* Your objective
Produce a verbatim copy of the data below that contains no pictures.

* Supplied information
☆ ☆ ☆ ☆

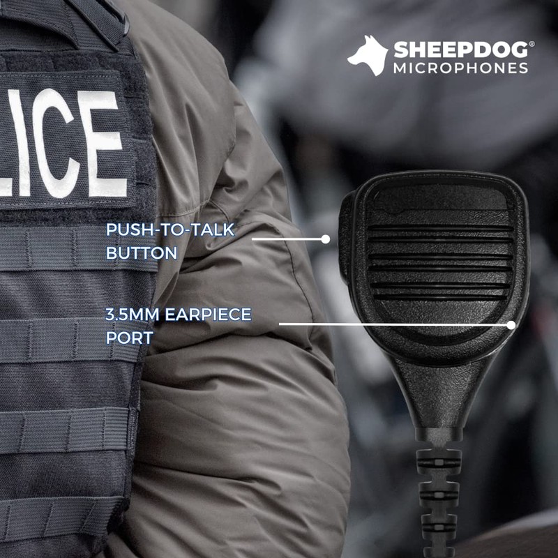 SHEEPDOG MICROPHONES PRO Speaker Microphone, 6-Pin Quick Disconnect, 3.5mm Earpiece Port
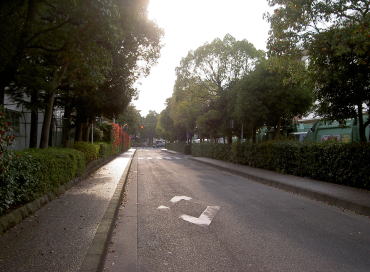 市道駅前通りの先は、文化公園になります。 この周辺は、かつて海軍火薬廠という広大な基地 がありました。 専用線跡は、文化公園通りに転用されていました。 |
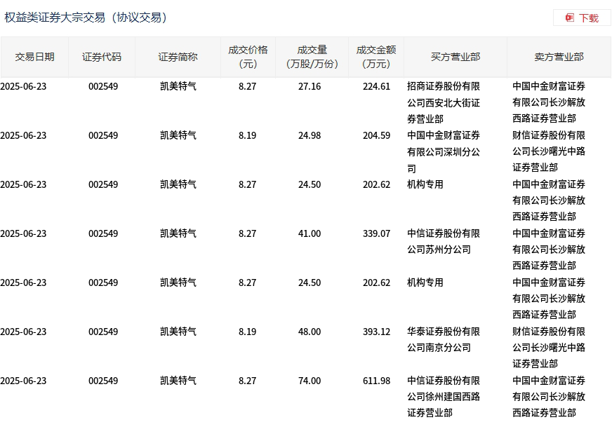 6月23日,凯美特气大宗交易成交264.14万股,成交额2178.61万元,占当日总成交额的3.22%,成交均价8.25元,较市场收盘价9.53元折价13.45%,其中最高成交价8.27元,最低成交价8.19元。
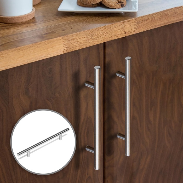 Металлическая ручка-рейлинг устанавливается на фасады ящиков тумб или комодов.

☆ ☆ ☆ ☆

* Reply
 SHEEPDOG MICROPHONES PRO Speaker Microphone, 6-Pin Quick Disconnect, 3.5mm Earpiece Port
 市道駅前通りの先は、文化公園になります。 この周辺は、かつて海軍火薬廠という広大な基地 がありました。 専用線跡は、文化公園通りに転用されていました。 |
 6月23日,凯美特气大宗交易成交264.14万股,成交额2178.61万元,占当日总成交额的3.22%,成交均价8.25元,较市场收盘价9.53元折价13.45%,其中最高成交价8.27元,最低成交价8.19元。
 Металлическая ручка-рейлинг устанавливается на фасады ящиков тумб или комодов.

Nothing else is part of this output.